Live album by Willy DeVille
- Released: December 1, 1993
- Recorded: Olympia Theatre, Paris The Bottom Line, New York City
- Genre: Roots rock, New Orleans R&B, Latin rock, Tex-Mex, mariachi
- Length: 64:20
- Label: Fnac Music
- Producer: Willy DeVille, Philippe Rault

Willy DeVille chronology
| Backstreets of Desire (1992) | Willy DeVille Live (1993) | Big Easy Fantasy (1995) |

= Willy DeVille Live =

Willy DeVille Live is a live recording of Willy DeVille and the Mink DeVille Band. It was recorded on June 16–17, 1993 at The Bottom Line in Greenwich Village, New York City, and in October 1993, at the Olympia Theatre in Paris.
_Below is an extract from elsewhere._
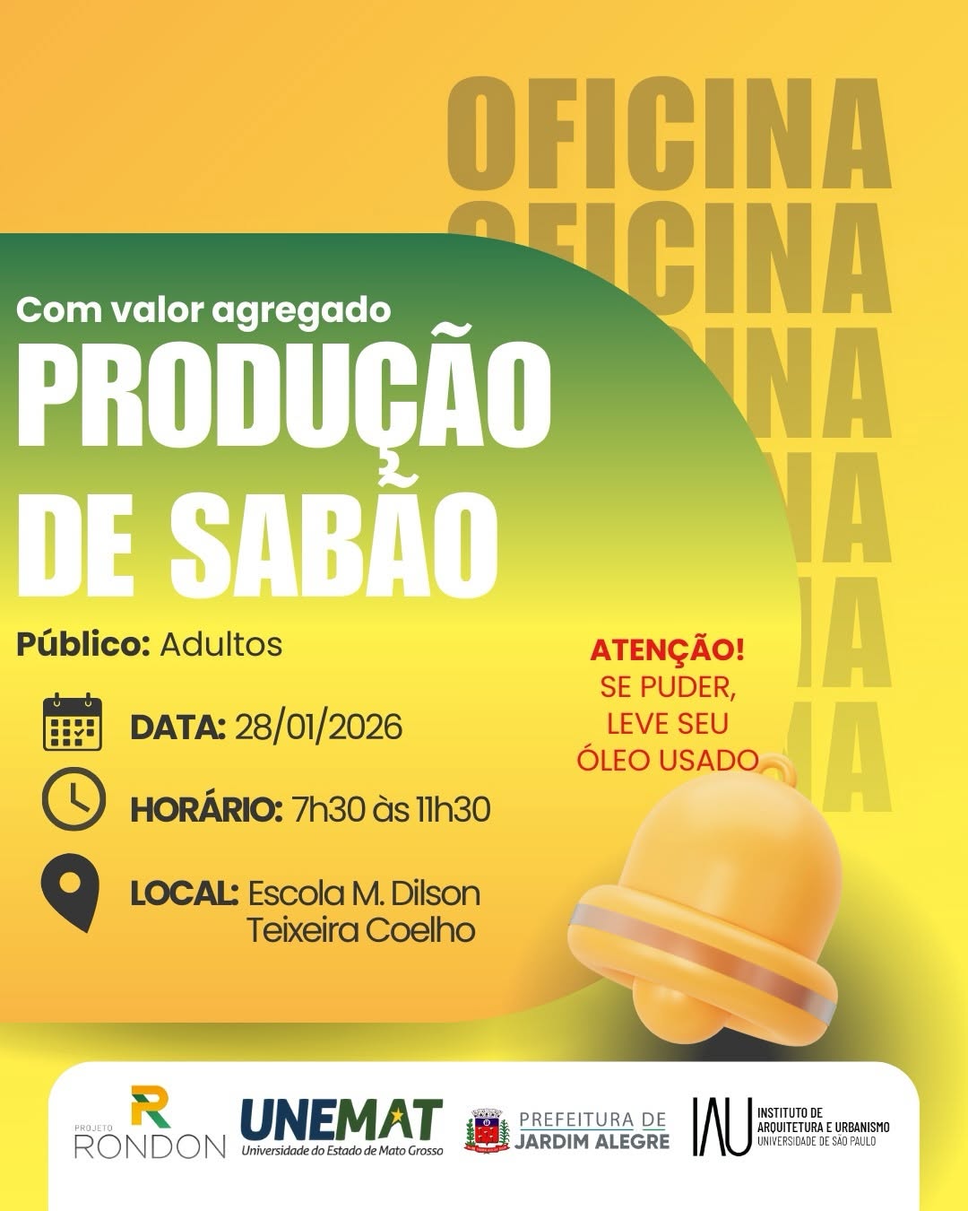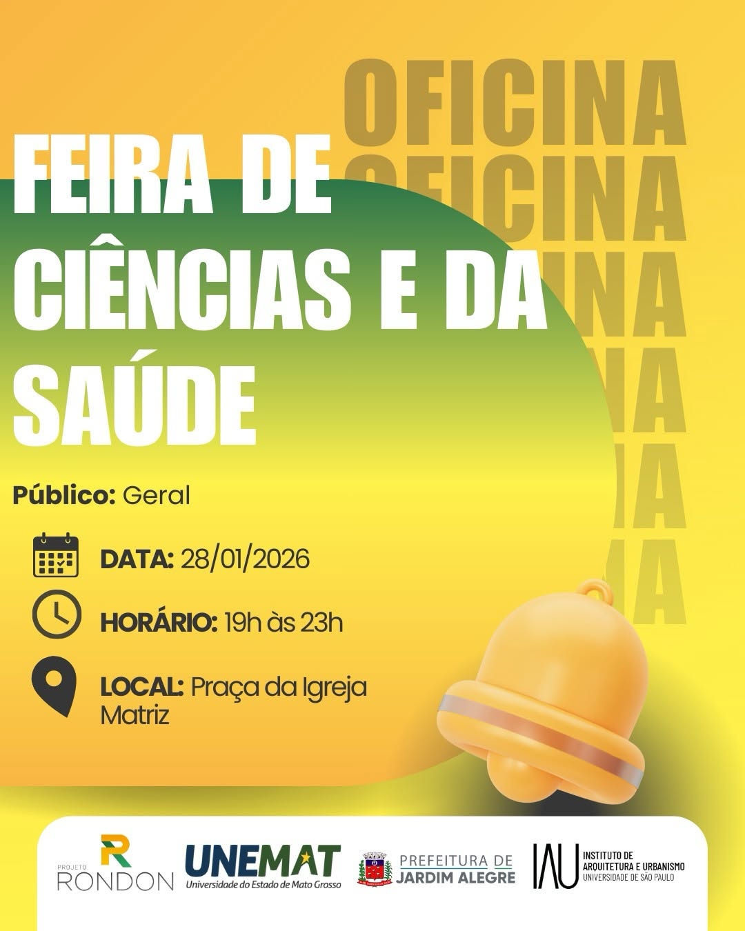 28 de janeiro de 2026 (quarta-feira) será um dia especial de aprendizado, troca de experiências e participação comunitária com a realização das oficinas do Projeto Rondon, além da Feira Jardim dos Sabores, integrando conhecimento, cultura e valorização da produção local.

It was released in Europe on December 1, 1993 in Europe by the French label Fnac Music (the album was not released in the United States) and re-issued in 2012 under title Live in Paris and New York.

Willy DeVille Live was dedicated to Steve Douglas, who played saxophone on the first three Mink DeVille albums and produced Le Chat Bleu. Douglas died shortly before the album came out.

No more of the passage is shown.